Diethylstilbestrol has put the mothers prescribed the drug, their daughters and sons exposed in utero, and potentially their grand-children at risk for serious health problems including but not limited to structural damages in reproductive organs, high risk pregnancies and miscarriage, vaginal cancer, infertility and possible immune system impairment.
Effects on the third generation – DES grandchildren – are as yet unknown since the full effects of diethylstilbestrol may not be seen until an exposed child reaches the age of reproduction.

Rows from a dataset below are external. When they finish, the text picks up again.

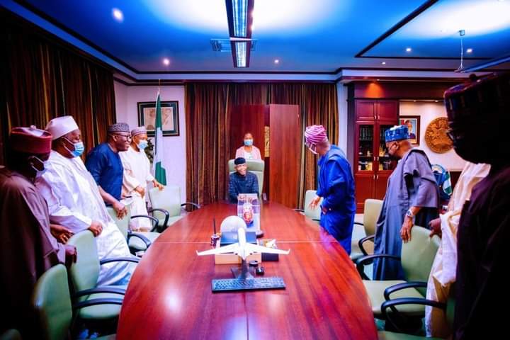 The vice-president, Prof. Yemi Osinbajo on Tuesday, received governors of the ruling All Progressives Congress who came on a felicitation visit in his office at the presidential villa as he recovers from surgery.
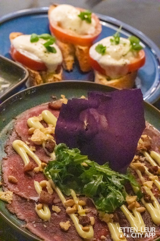We hebben inmiddels onze keuze doorgegeven. We starten met 3 gerechtjes. De carpaccio is licht en subtiel gegrild op de Josper. Hierdoor krijg je geen standaard carpaccio, maar juist een extra smaaksensatie. De bruschetta capresse is een krokante toast met olijfolie en zacht gesmolten buffel mozzarella. De tartaar van verschillende zeevruchten is erg aangenaam en zacht van smaak.
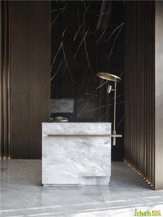 洽談區(qū)寬敞舒怡,光線通亮。意大利灰大理石地面從門廳延伸至此,墻面則選用色系穩(wěn)重、紋路清晰的保加利亞灰?guī)r板,平和的氛圍中帶著些許靈動(dòng)之氣。

The youngest DES daughters should reach the age of menopause by 2040 at the latest so unfortunately we have to remain vigilant for quite a while. The diethylstilbestrol issue will not be finished until these three generations of DES-exposed mothers, daughters, DES sons and grand-children are gone. Diethylstilbestrol has affected and continues to affect, in many different ways, millions of people. My DES daughter journey started with a miscarriage prior to a DES pregnancy and now continues with constant fear for my daughters, my mum and my own health like many, many, many other DES daughters less lucky that I have been so far. Diethylstilbestrol is a world drug disaster yet very few people know about it and about its tragic consequences.